この作品は轆轤(ろくろ)びきの後、型にあてて口縁を捻花(ねじばな)に作り、縁紅(ふちべに)を施して焼造されています。捻花とは、見込み底から捻上げるように放射状に立ち上がる捻文を描いたり、器皿に線刻で十数条の放射状の溝をつけることで、全体が大輪の花を連想させる意匠取りのことです。この細工を施すことにより、額縁をつけたように竹虎文を引き立たせる効果が感じられます。また、縁紅とは白磁器の口縁部を縁取る鉄呈色の褐色の帯文様のことで、口紅・寂斑(さびぶち)ともいいます。白磁の釉面に酸化第二鉄で色付けする技法で、どちらの技法も中国の景徳鎮窯により明末期に開発されました。
初期伊万里の末期になりますと、古九谷様式の要素を備えた藍九谷と呼ばれる染付作品がでてきます。今回ご紹介している作品のように口縁に捻りの入った皿や、深みのある呉須を用いた染付磁器がそれに相当すると考えられます。藍九谷は生掛け焼成し、砂が高台の畳付(たたみつき)に付着している場合があるという点では、初期伊万里と技術的に連続していることがわかります。しかしながら、初期伊万里との相違点として、絵付職人の腕の上達により絵付が格段に巧くなったこと、濃い濃み・薄い濃みの描き分けができ染付の発色が安定したこと、高台内に銘を入れることが飛躍的に多くなるなどその意匠や成形法には格段の進歩が窺えます。
さてこの作品には、平皿に文様を描きその部分を白く染め抜いて、染付の顔料である呉須を吹き付ける吹墨の技法が用いられています。中国の景徳鎮の影響を受け、藍染めの世界から応用されたと思われるこの吹墨は日本人好みの技法として、現在でも用いられています。この作品の場合、兎・雲・短冊の形に切った紙を置き、染付を吹きかけることで、白抜きの文様を浮かび上がらせています。兎の顔や文字は後から書き加えられた様です。吹墨のぼかしが柔らかで幻想的な雰囲気を醸し出すこの中皿は、まさに初期伊万里を代表する名品といえるでしょう。

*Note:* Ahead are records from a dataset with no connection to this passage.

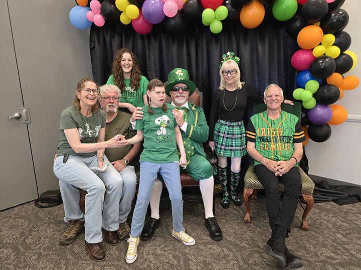 From left to right, Judy Lawson, Mary Rinaldi (Grandmother), Special Child Joseph Gunderson, Darren Baker(Leprechaun), Craig Lawson, and Margie Gunderson (Mother)
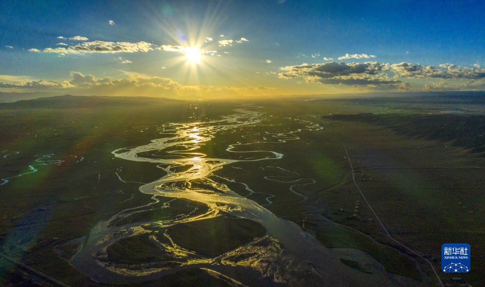 這是青海湖布哈河濕地一景(2020年7月18日攝,無人機照片)。新華社 楊濤 攝
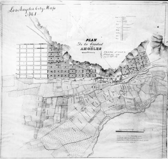 | Keywords: The E.O.C. Ord's first map of the city of Los Angeles, drawn in August 29, 1849 (CHS-6040).jpg Photograph of the E O C Ord's first map of the city of Los Angeles drawn in August 29 1849 The grid up north near the mountains represent downtown Los Angeles The blocks in downtown Los Angeles are further divided into numbered sections The lower half of the map represents the greater Los Angeles area which is broken into smaller sections and labeled with names a majority of which are Spanish or Mexican names of the landowners ; Legible writings include Los Angeles city map no 1 plan de la ciudad de los Angeles surveyed and drawn by E O C Ord Lt U S A Wm R Hutton afst August 29 1849 explanation of signs plough ground gardens road sanja hedge pole fence corn vines calle de las Chapulas Grasshopper St calle de las Flores Flower St calle de las Esperanza Hope St calle de las Caridad Charity St calle Acey Zuna Olive St calle Loma Hill St calle Fortin Fort St calle Primarera Spring St calle Principal Main St calle 1 1st St calle 2 2nd St calle 3 3rd St calle 4 4th St calle 5 5th St calle 6 6th St calle 7 7th St calle 8 8th St c corla Short St calle eternidad Eternity St calle de Torra Bull St calle de las Arispas Hornet St calle de las Adobos mag Meridian variation 1 E 44 E Juan Rurus Lucero Jose Sepulveda D Ybarra G Ybarra Topias T Tapia Juana Rendon Ballestero Juan Apoblasa F Abita Alila Juan Domingo Maximo Alanis Vicente Sanchez F Alvarado Miguel Pryor Antonio M Lugo Atonio T Abila Ciara Reyes Clara Reyes Zanja to the mesa sana over which the river spreads its waters which are wasted Juan Luis Vignes Ricardo McLaughlin Lamuel Carpenter Feliz Gallardy Valenzuela Bened da Polamares Cata Victoria Higuera widow of Vicente Sanchez wife of Casaldo Aguilar Benancia Sotelo William Wolfskill Narcesso Botelo Antonio F Coronel Antonio G Abila Yguacio Machado Luis Lamerean Juan Cabary Alanis Mariano Jordan Cristobol Aguilar Isidero Reyes scale of 10 inches to the mile compass course of Main Street from corner opposite Jose Ant Carillos House S 24° 45' W compass course of Main Street north of the Church N 9½° E variation of the needle 12° 44' E ; Thanks to the efforts of two men we have a fairly good view of what the pueblo of Los Angeles looked like at the middle of the 19th century Lieutenant Edward O C Ord surveyed the pueblo and his assistant William Rich Hutton sketched many scenes of the pueblo and drew the first map from Ord's survey Ord was in California when the gold rush struck with its resultant skyrocketing of prices Since the military salaries no longer covered living expenses his commander suggested that the younger officers take on other jobs to supplement their income At about this time Los Angeles officials needed to have a survey of the public lands in order to sell them and Ord was hired as the surveyor He chose William Hutton as his assistant and together the two mapped Los Angeles in July and August of 1849 The Los Angeles City Archives has the original map produced by Hutton from Ord's survey -- unknown author http //digitallibrary usc edu/cdm/ref/collection/p15799coll65/id/12770 1849-08-29 Hutton William Rich William Rich Hutton Los Angeles in the 1840s California Historical Society Collection 1860-1960 PD-old-100-1923 |

また、紹介作品が展示されている陳列台の右隣には、同意匠の作品がございます。各々見比べて相違点を探し出すことも、伊万里焼鑑賞の楽しみが加味されることと存じます。
皆様のご来館を心よりお待ちしております。
本年は誠にありがとうございました。良いお年をお迎えください。